### WHAT NEEDS TO BE DONE
What you should give back is a precise copy of the lines below from the one containing "4月11日上午,我校团委书记" through the one containing "LMMS (Linux MultiMedia", with no pictures.

### DATA EXTRACT
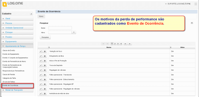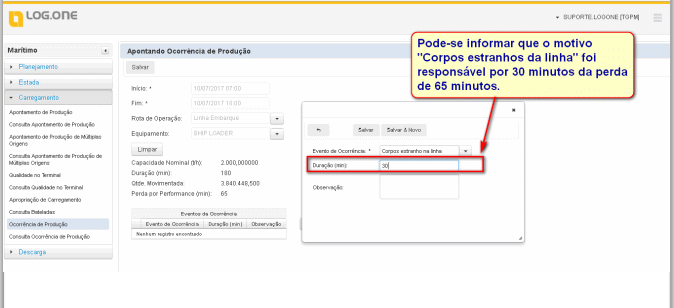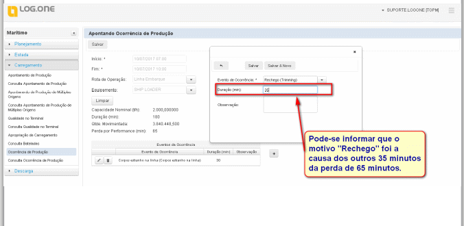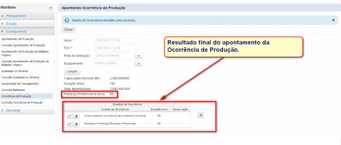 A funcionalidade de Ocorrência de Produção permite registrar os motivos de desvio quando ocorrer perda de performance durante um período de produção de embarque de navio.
* * *
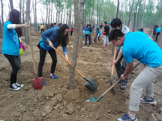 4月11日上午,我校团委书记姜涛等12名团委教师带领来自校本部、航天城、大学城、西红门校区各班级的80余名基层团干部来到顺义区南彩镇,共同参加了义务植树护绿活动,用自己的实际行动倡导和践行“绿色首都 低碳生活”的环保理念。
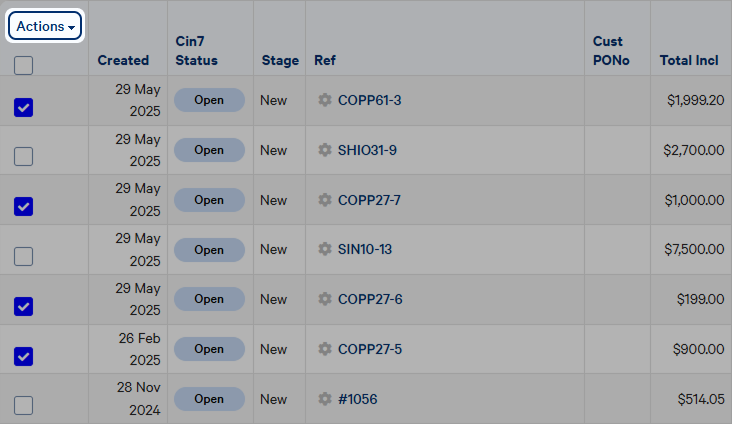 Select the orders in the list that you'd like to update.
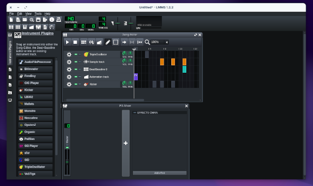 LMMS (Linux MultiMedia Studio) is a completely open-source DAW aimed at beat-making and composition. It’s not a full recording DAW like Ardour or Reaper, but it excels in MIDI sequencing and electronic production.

### EXPECTED OUTPUT
 4月11日上午,我校团委书记姜涛等12名团委教师带领来自校本部、航天城、大学城、西红门校区各班级的80余名基层团干部来到顺义区南彩镇,共同参加了义务植树护绿活动,用自己的实际行动倡导和践行“绿色首都 低碳生活”的环保理念。
 Select the orders in the list that you'd like to update.
 LMMS (Linux MultiMedia Studio) is a completely open-source DAW aimed at beat-making and composition. It’s not a full recording DAW like Ardour or Reaper, but it excels in MIDI sequencing and electronic production.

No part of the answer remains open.